GIVEN RECORDS:
────────────────

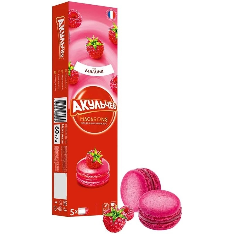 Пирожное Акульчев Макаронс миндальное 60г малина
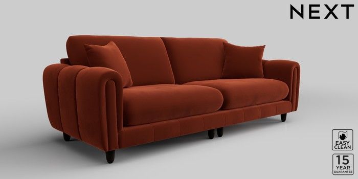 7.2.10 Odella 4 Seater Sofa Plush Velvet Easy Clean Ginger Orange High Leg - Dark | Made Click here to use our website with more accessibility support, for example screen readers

────────────────

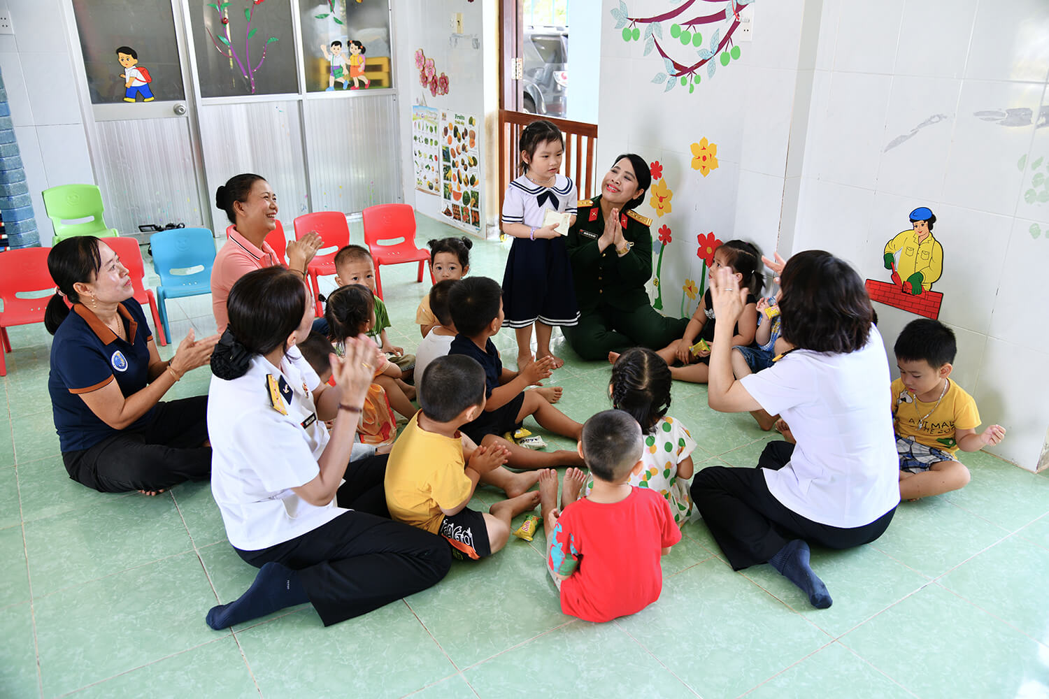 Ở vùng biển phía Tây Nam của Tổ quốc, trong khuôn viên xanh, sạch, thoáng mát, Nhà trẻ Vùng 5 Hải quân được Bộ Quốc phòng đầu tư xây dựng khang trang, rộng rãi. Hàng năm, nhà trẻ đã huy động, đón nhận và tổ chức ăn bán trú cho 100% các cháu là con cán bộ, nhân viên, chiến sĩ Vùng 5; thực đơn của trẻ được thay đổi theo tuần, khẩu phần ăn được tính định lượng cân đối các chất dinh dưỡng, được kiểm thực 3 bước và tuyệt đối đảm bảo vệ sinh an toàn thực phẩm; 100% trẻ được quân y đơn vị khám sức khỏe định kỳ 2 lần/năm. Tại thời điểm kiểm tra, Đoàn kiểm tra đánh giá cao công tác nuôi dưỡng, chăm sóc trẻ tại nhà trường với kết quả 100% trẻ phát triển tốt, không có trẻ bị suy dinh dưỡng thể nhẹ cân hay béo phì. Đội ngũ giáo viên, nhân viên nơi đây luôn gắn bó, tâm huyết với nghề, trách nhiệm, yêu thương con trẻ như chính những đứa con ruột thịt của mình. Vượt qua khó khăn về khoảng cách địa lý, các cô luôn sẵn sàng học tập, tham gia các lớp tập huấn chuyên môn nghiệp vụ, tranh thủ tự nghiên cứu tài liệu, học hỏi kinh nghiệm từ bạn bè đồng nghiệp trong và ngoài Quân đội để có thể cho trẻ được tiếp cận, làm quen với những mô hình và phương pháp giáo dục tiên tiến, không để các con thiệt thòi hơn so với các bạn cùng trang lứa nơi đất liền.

────────────────

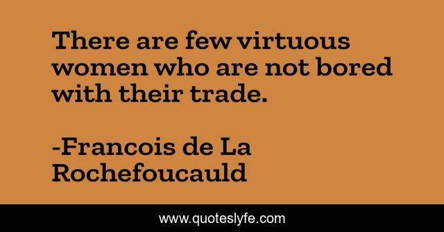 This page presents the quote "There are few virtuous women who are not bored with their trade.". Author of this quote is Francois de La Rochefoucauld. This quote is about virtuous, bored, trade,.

────────────────

PROBLEM TO WORK ON:
Write out again exactly the lines above from the one with "Пирожное Акульчев Макаронс" through the one with "7.2.10 Odella 4", adding no other lines and no pictures.

ANSWER FOR THIS EXERCISE:
 Пирожное Акульчев Макаронс миндальное 60г малина
 7.2.10 Odella 4 Seater Sofa Plush Velvet Easy Clean Ginger Orange High Leg - Dark | Made Click here to use our website with more accessibility support, for example screen readers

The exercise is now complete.